Just six months after acquiring applications performance monitoring company SOASTA, Akamai has released a number of new offerings, including a new version of SOASTA's mPulse, marking perhaps the first time the content delivery network provider has directly marketed itself to developers.
And the process of getting to the new Akamai products has been an eye-opener. "We've been looking at ourselves in a mirror and thought we had our eyes open, but we've been kidding ourselves," admitted Ari Weil, strategic product and marketing leader of Akamai. "We've heard 'we don't care about you guys, you're not in our consciousness,'" he said.
Standing out in a crowd
In the DevOps world, Akamai is a well-known name on the operations side of things. But despite DevOps bringing the two sides closer together, at the end of the day developers, under pressure to create better applications more quickly, are understandably focused on the tools that can help them get work done faster. The existing Akamai products weren't really "developer-friendly" and even before being acquired, SOASTA found itself having to occasionally sell the value proposition of its mPulse APM tool.
"They (Akamai) still have some work to do when it comes to building developer awareness," said Jeffrey Hammond, vice president and principal analyst serving application development and delivery professionals at Forrester Research. "Most developers tend to know who Akamai is conceptually but not necessarily why they need to care, and what Akamai's technology can do to improve their development efforts."

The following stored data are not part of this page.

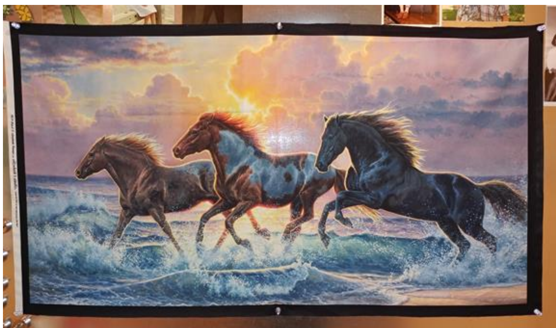
Original Panel for the quilt above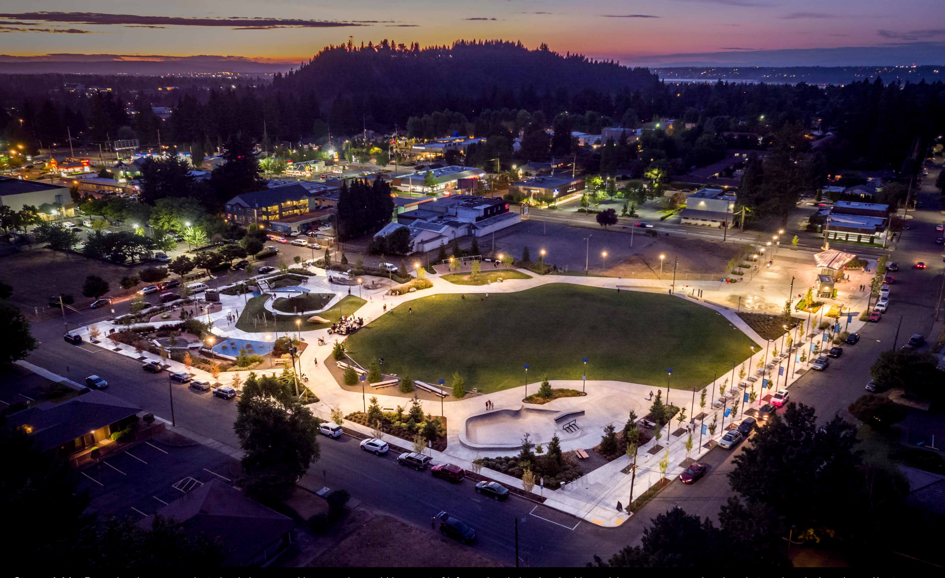
Stewardship . Preparing the community to lead change and improve the world is an act of informed optimism inspired by a civic open space embracing skatepark, splash pad, sand/water discovery, performance space, picnic grove, active paseo and nature play.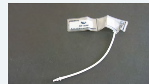
NIBP Disposable use cuff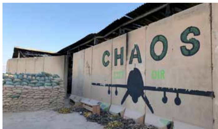
Blast walls of a sleeping quarters for US soldiers are seen at Ain al-Asad air base in Anbar province, Iraq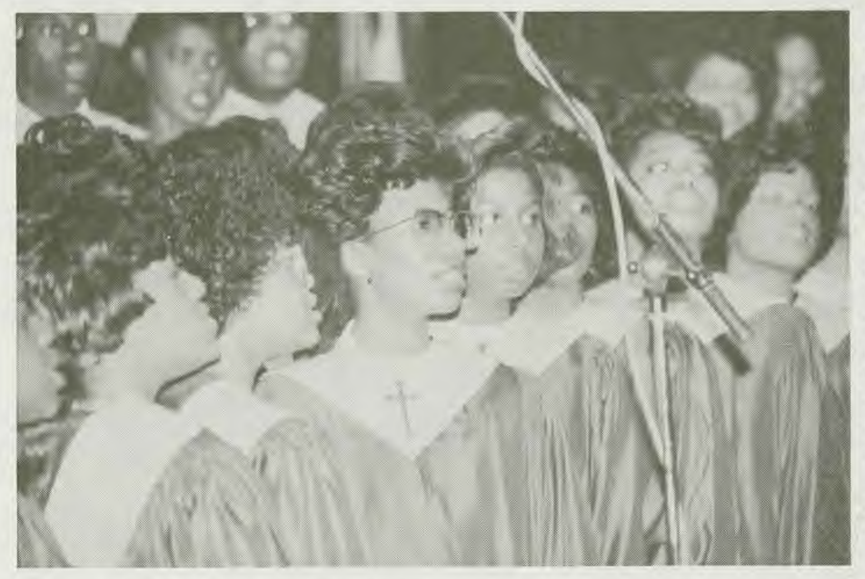
Members of the Pine Forge Academy Choir.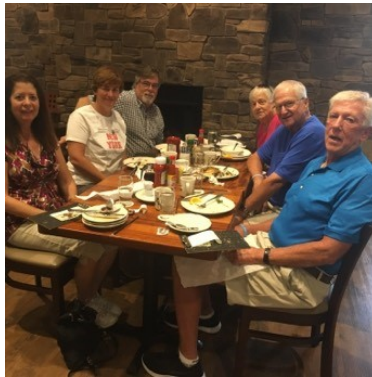
Small gathering but good conversation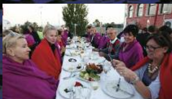
AN EXCELLENT FISH MEAL: On their last night, our guests enjoy a good meal at a famous fish restaurant

But Weil is determined to change all of that. The latest Akamai products are very DevOps-oriented and are designed to make it simple for developers to work with Akamai offerings directly. Now developers can tie in to a variety of public clouds, work with a selection of public APIs and fine-tune performance monitoring to get just the information they need. Akamai has also opened its tools up to working with Varnish, a popular open source http cache system.
Rethinking the business
But to get to this point with the new Akamai products, Weil and his team had to have lots of conversations with developers to try to understand their perspective. "Developers don't want to learn how to work with you. They want you to learn how to work with them in the lowest friction way possible," he explained. And that took some intense rethinking of the business, perhaps no more so when it came to public APIs. "We thought we really knew what we were doing, but we realized we weren't thinking about what the developers really needed when it came to APIs. This was a material shift for us and how we do business." The company was also thinking about simplifying the developer's life when it came to deploying Akamai as code in the cloud, he said. "If you put your app on Akamai, all the risk management issues just go away," Weil said.
When it came to updating the mPulse Akamai products, Weil said the company tried to keep in mind how developers would use the tool. There are now hooks built into open source test communities, and developers have more control and insight into code analysis than before. And with those tweaks came the feedback Weil wanted to hear. "Developers are telling us this (version of mPulse) helps explain to business why they're doing what they're doing and now business can understand the build."